WHAT THE EXERCISE ASKS:
No pictures in the copy. Write out the listing below exactly.

DATA EXTRACT:
━━━━━━━━━━━━━━━━

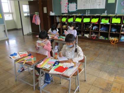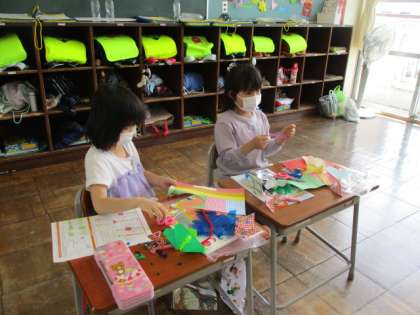 今日の図工の時間は、使う教室を赤団と白団に分けて使いました。
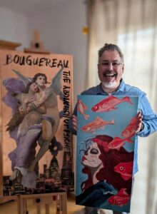 Sein künstlerisches Abenteuer begann im Frühjahr 2023. Inspiriert durch soziale Medien entdeckte OLKE die Malerei als Möglichkeit, Emotionen, Gedanken und Haltungen sichtbar zu machen. Erste Arbeiten entstanden mit Acryl auf Leinwand und entwickelten sich rasch weiter zu einem vielfältigen Portfolio aus abstrakter, gegenständlicher, popkultureller und surrealer Bildsprache.
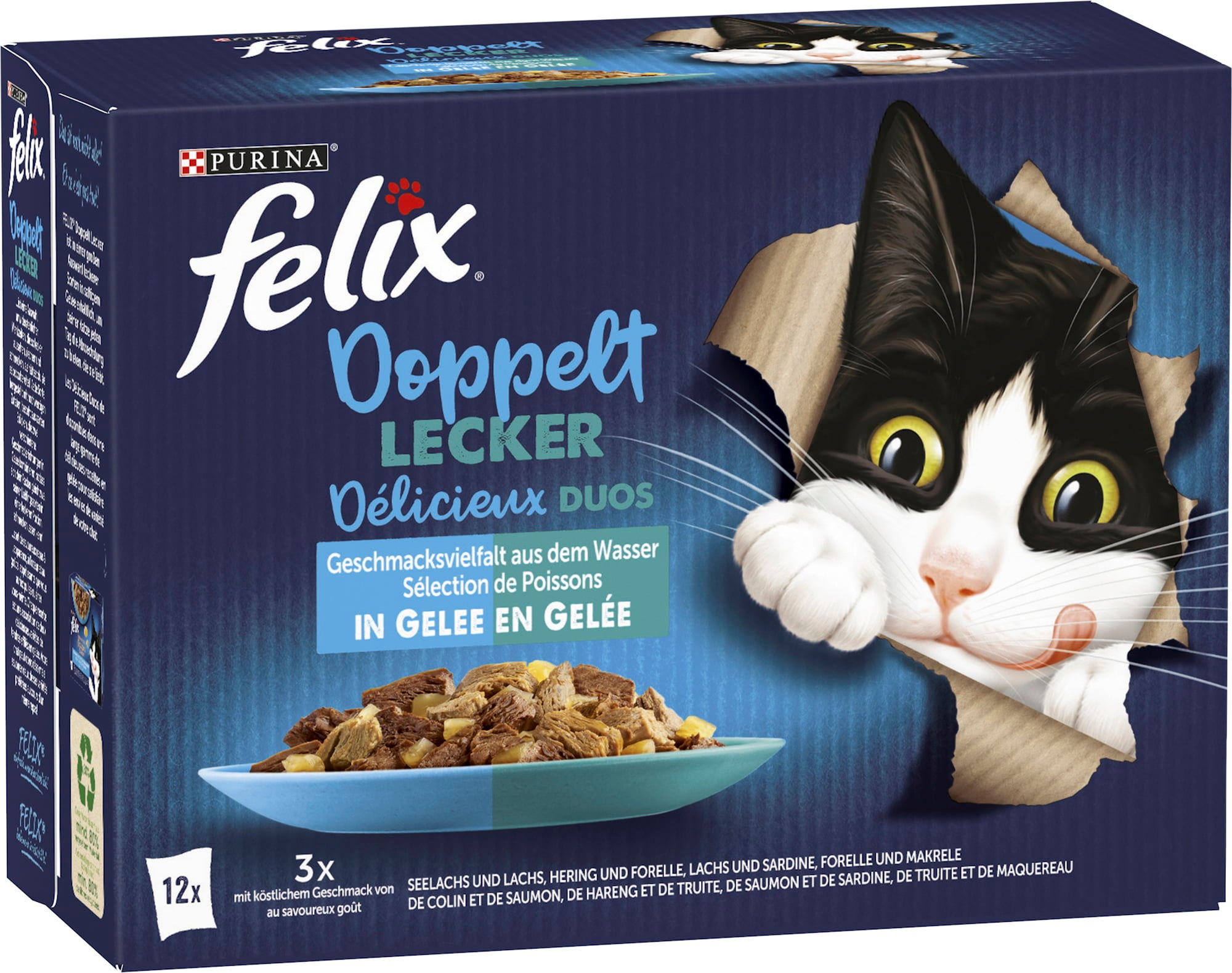 Balení Doppelt Lecker obsahuje 12 kapsiček po 85 g mokrého krmiva:
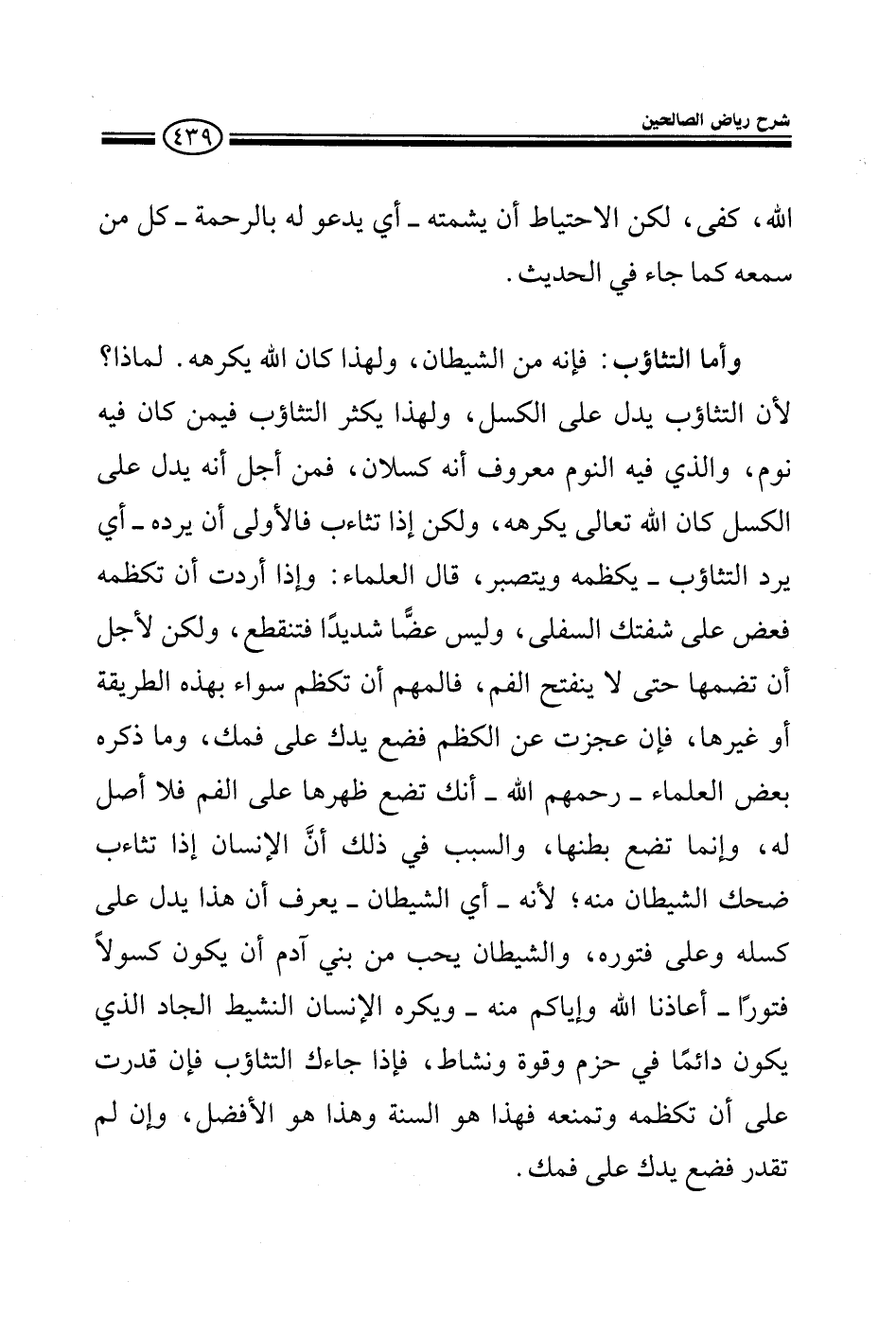 الله كفي لكن الاحتياط أن يشمته أي يدعو له بالرحمة كل من سمعه كما جاء في الحديث وأما التثاؤب فإنه من الشيطان ولهذا كان الله يكرهه لماذا لأن التثاؤب يدل على الكسل ولهذا يكثر التثاؤب فيمن كان فيه نوم ولأجل أنه يدل على الكسل كان الله يكرهه ولكن إذا تثاءب فالأولى أن يرده أي يرد التثاؤب يكظمه ويتصبر قال العلماء وإذا أردت أن تكظمه فعض على شفتك السفلى وليس عضا شديدا فتنقطع ولكن لأجل أن تضمها حتى لا ينفتح الفم فالمهم أن تكظم سواء بهذه الطريقة أو غيرها فإن عجزت عن الكظم فضع يدك على فمك وما ذكره بعض العلماء رحمهم الله أنك تضع ظهرها على الفم فلا أصل له وإنما تضع بطنها تسد الفم والسبب في ذلك أن الإنسان إذا تثاءب ضحك الشيطان منه لأنه أي الشيطان يعرف أن هذا يدل على كسله وعلى فتوره والشيطان يحب من بني آدم أن يكون كسولا فتورا أعاذنا الله وإياكم منه ويكره الإنسان النشيط الجاد الذي يكون دائما في حزم وقوة ونشاط فإذا جاءك التثاؤب فإن استطعت أن تكظمه وتمنعه فهذا هو السنة وهذا هو الأفضل وإن لم تقدر فضع يدك على فمك

━━━━━━━━━━━━━━━━

EXERCISE OUTPUT:
 今日の図工の時間は、使う教室を赤団と白団に分けて使いました。
 Sein künstlerisches Abenteuer begann im Frühjahr 2023. Inspiriert durch soziale Medien entdeckte OLKE die Malerei als Möglichkeit, Emotionen, Gedanken und Haltungen sichtbar zu machen. Erste Arbeiten entstanden mit Acryl auf Leinwand und entwickelten sich rasch weiter zu einem vielfältigen Portfolio aus abstrakter, gegenständlicher, popkultureller und surrealer Bildsprache.
 Balení Doppelt Lecker obsahuje 12 kapsiček po 85 g mokrého krmiva:
 الله كفي لكن الاحتياط أن يشمته أي يدعو له بالرحمة كل من سمعه كما جاء في الحديث وأما التثاؤب فإنه من الشيطان ولهذا كان الله يكرهه لماذا لأن التثاؤب يدل على الكسل ولهذا يكثر التثاؤب فيمن كان فيه نوم ولأجل أنه يدل على الكسل كان الله يكرهه ولكن إذا تثاءب فالأولى أن يرده أي يرد التثاؤب يكظمه ويتصبر قال العلماء وإذا أردت أن تكظمه فعض على شفتك السفلى وليس عضا شديدا فتنقطع ولكن لأجل أن تضمها حتى لا ينفتح الفم فالمهم أن تكظم سواء بهذه الطريقة أو غيرها فإن عجزت عن الكظم فضع يدك على فمك وما ذكره بعض العلماء رحمهم الله أنك تضع ظهرها على الفم فلا أصل له وإنما تضع بطنها تسد الفم والسبب في ذلك أن الإنسان إذا تثاءب ضحك الشيطان منه لأنه أي الشيطان يعرف أن هذا يدل على كسله وعلى فتوره والشيطان يحب من بني آدم أن يكون كسولا فتورا أعاذنا الله وإياكم منه ويكره الإنسان النشيط الجاد الذي يكون دائما في حزم وقوة ونشاط فإذا جاءك التثاؤب فإن استطعت أن تكظمه وتمنعه فهذا هو السنة وهذا هو الأفضل وإن لم تقدر فضع يدك على فمك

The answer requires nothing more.